Stonie joined the Emerson faculty in 1957, while he was earning his MA in Sociology at Boston University, and retired in 2002. In the four and a half decades in between, Stonie served the College in multiple capacities, as director of men’s dormitories (1957-1965), earned tenure (1963), and was director of religious activities (1988-1991).

He served on several College committees, including Admissions, Dormitory, Student Affairs, Curriculum, Strategic Planning, and a campus redevelopment committee, and was chair of Faculty Assembly for four years, as well as founding president of ECC-AAUP, the faculty union, from the early- to mid-1960s.

young man in suit in 1950s standing in front of fireplace
Stonie in 1958, shortly after joining Emerson. Photo/Emerson College Archives

Stonie rose to become chair of Humanities and Social Sciences in 1978, serving for two years. He took on the chairmanship again from 1988 to 1998, when he went on sabbatical to teach at Kaunas University in Vilnius, Lithuania, according to his Boston Globe obituary. In 2003, Emerson presented Stonie with the Faculty Service Award.

When Mike Brown, today an assistant professor of Journalism, joined Emerson in 1970, he taught in the then-Social Sciences Department alongside Stonie.

Brown, a young liberal, didn’t always get along with the older, more conservative Stonie at first. But as Stonie watched Brown attend law school at night, earn a JD, and then tenure, their relationship began to shift.

“I worked hard and became a good teacher, which I could tell he respected,” Brown said.

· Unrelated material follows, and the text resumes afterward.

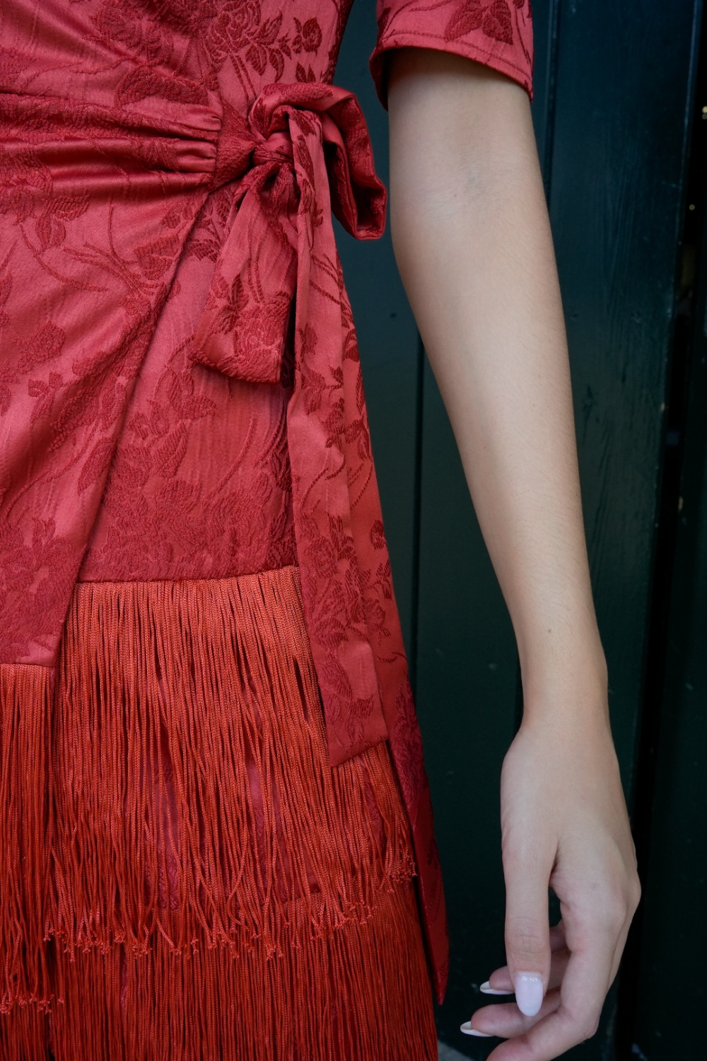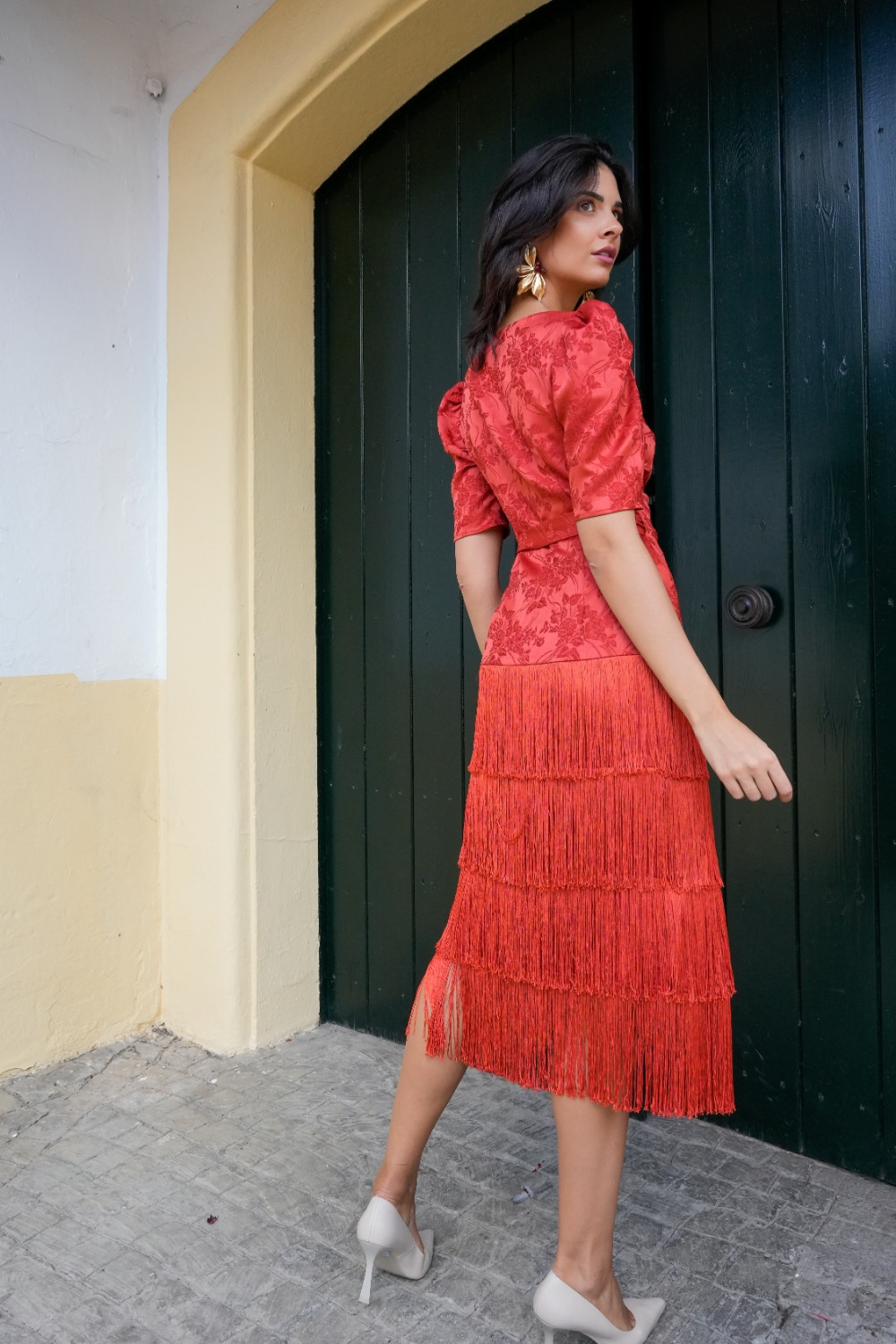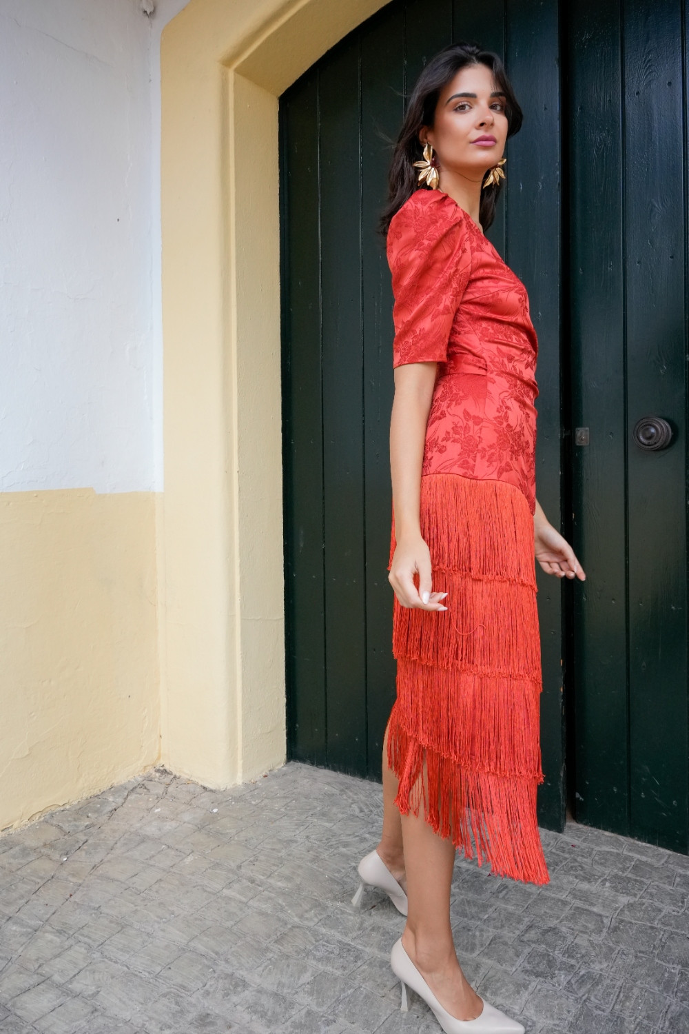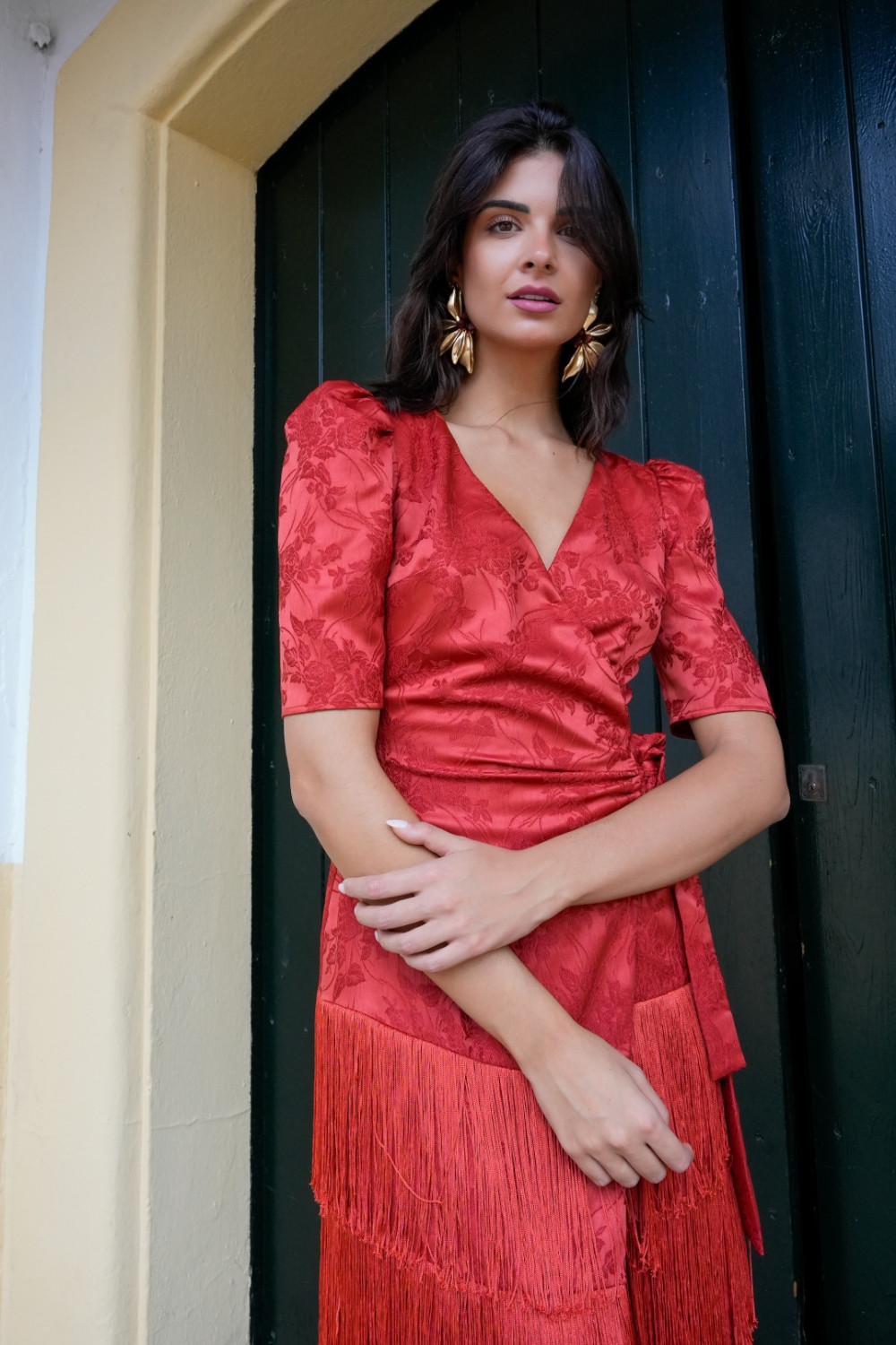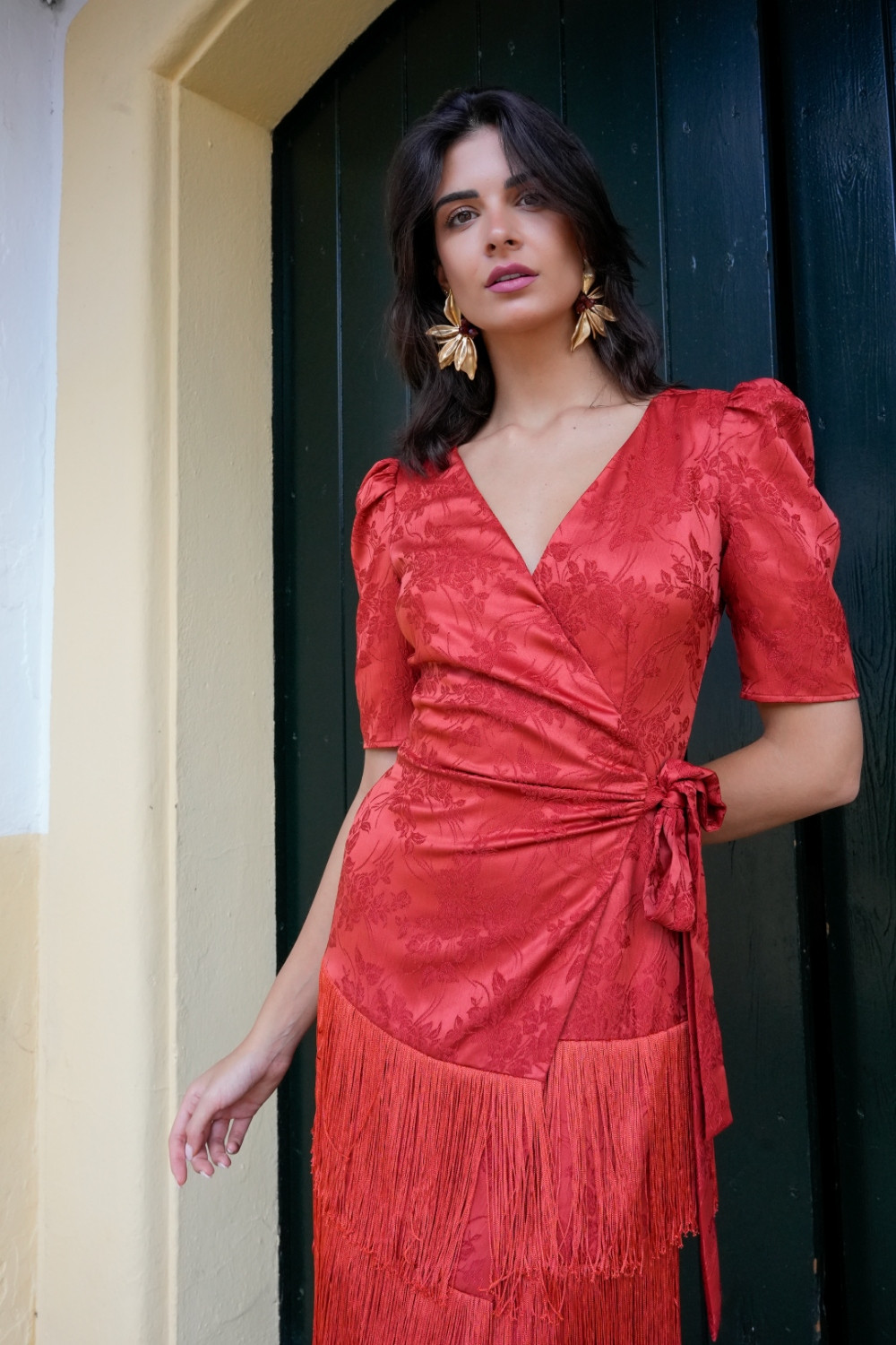 Vestido Encanto rojo brocado cruzado con flecos y manga al codo globo Káhyra. COMPOSICIÓN: 100%POLIÉSTER FORRO: 100%POLIÉSTER ACCESORIOS: 100%POLIÉSTER

After one presidential election, Brown recalled, Stonie, who commuted to Emerson from his home in New Hampshire, expressed bewilderment at the results in his home state. Brown, with a straight face, said that droves of Massachusetts liberals were moving to the Granite State.

“He actually got heated,” Brown said. “He looked at me and saw that I was smiling [and] broke out into one of his few, gruff laughs, realizing that I was teasing him.

“We never had a disagreement again. He was hardworking and dedicated to Emerson. That was actually a pretty good model to follow!” he said. 

A clergyman as well as an academic, Stonie served as a minister at Christ Church Unitarian in Dorchester, Massachusetts, and was warden and summer minister of Hampton Falls Congregational Church in New Hampshire, according to the obit.

Stonie graduated from Northeastern University with a BA in Sociology and Economics in 1953, and from Andover Newton Theological School with a BDiv in Social Ethics in 1957 before enrolling at BU where he earned an MA in 1959 and an Ed.D. in Organizational Behavior in 1975.

He leaves his wife, Emerson alumna Mary Jo (Czarick) Stonie ’60, MA ’75; two sons, Dorian Stonie and alumnus Henry Stonie Jr. ’88; and two grandsons.

Information not taken from obituary was compiled by Emerson College Archives.